The puzzle Chantara has been trying to solve is: how can we give scrap rubber a new lease of life?

Usually, low-value waste rubber is pooled, melted, and chemically treated for re-use. The recycled rubber is of a much lower quality, with reduced tensile strength, so it tends to be used for lower-grade products such as slipper soles.

It took Chantara six years to develop a patented formula which can be mixed in during the “compounding” stage of rubber processing.

*Compounding is the stage at which rubber scraps are melted and chemicals added to facilitate the breakdown of the molecular bonds, before products are reformed through processes like extrusion and injection moulding,” she explained.
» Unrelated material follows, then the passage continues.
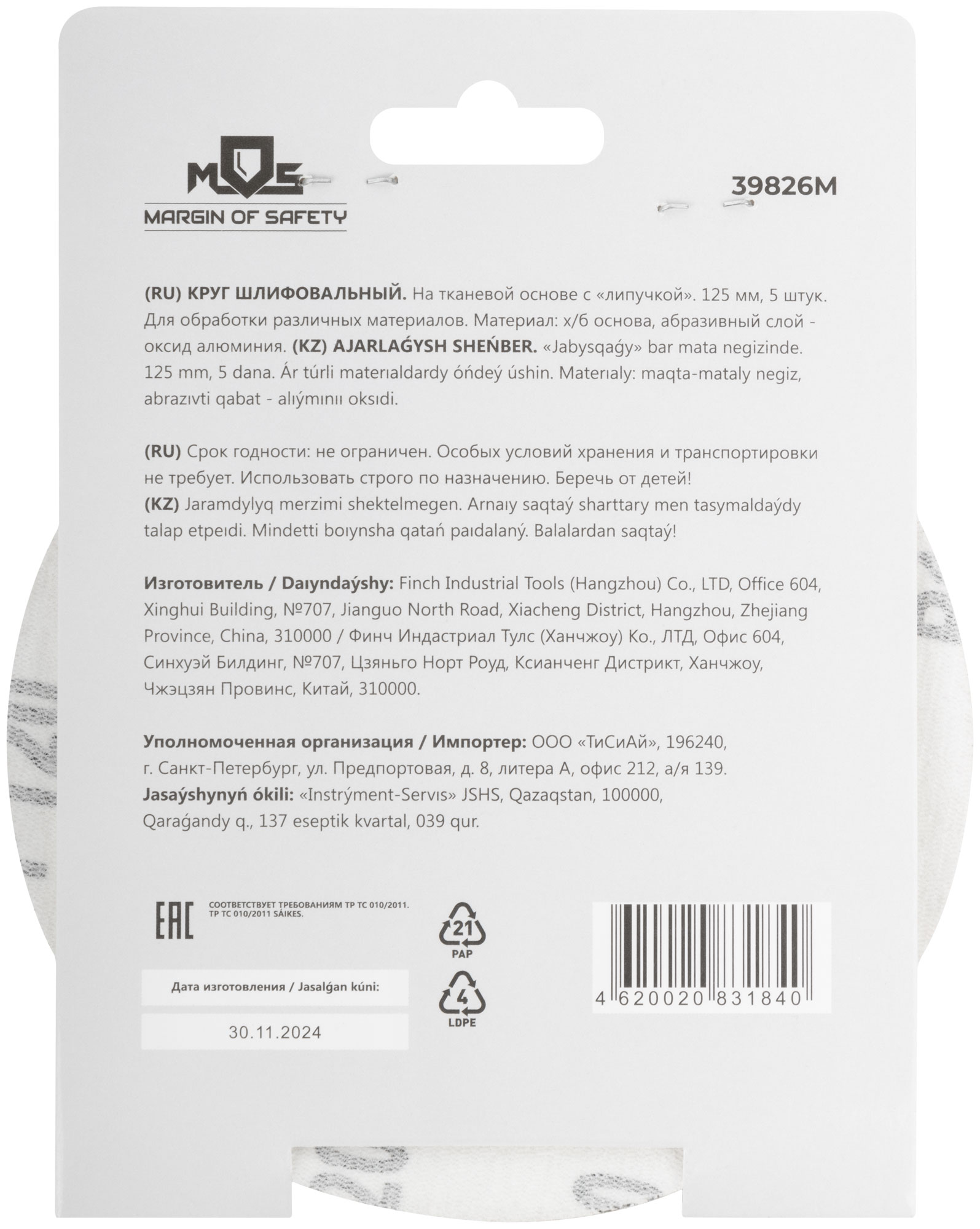 На тканевой основе с "липучкой". Диаметр 125 мм, набор 5 шт. Для обработки различных метериалов. Материал: х/б основа, образивный слой-оксид алюминия.

The entire process is free of hazardous emissions and chemicals, according to Chantara. The quality and tensile strength of the treated rubber makes it suitable for products like O-rings, gaskets, hoses, bumpers and diaphragms.

The agency is working with local industry partners on the pre-commercialisation phase of the technology. It has applied for government funding to scale up production of the patented chemical compound, for pilot production on an industrial scale.

Eventually, Chantara hopes, the technology will become available in the market via licensing of Nuclear Malaysia’s patented formulation.

The only potential snag might be the logistics of commercialisation; which is why industrial partnerships and government are such important parts of the equation.

Scientists constantly innovate, but an entire ecosystem is needed to translate their work into applications that benefit the general public.

Dr Chantara Thevy Ratnam

Current job title: Senior Research Officer/Manager, Polymer Blends and Composites Group, Radiation Processing Technology Division, Malaysian Nuclear Agency (Nuclear Malaysia,) Bangi

Likes: Hard-working people

Dislikes: Jealousy

Favourite song: Daddy Cool (Boney M)

Childhood ambition: Medical Doctor

Grew up in: Bahau, Negri Sembilan

Favourite food: Banana leaf rice (vegetarian)

If you were a plastic, what type would you be and why? Cheap, strong, durable, transparent, versatile, biodegradable, non-toxic. Because it will be very useful in the healthcare industry, cost-effective and environment friendly.

You are transported to a desert island and only get to take three items with you, what are they? Fire (matches/lighter), KA-BAR knife, water.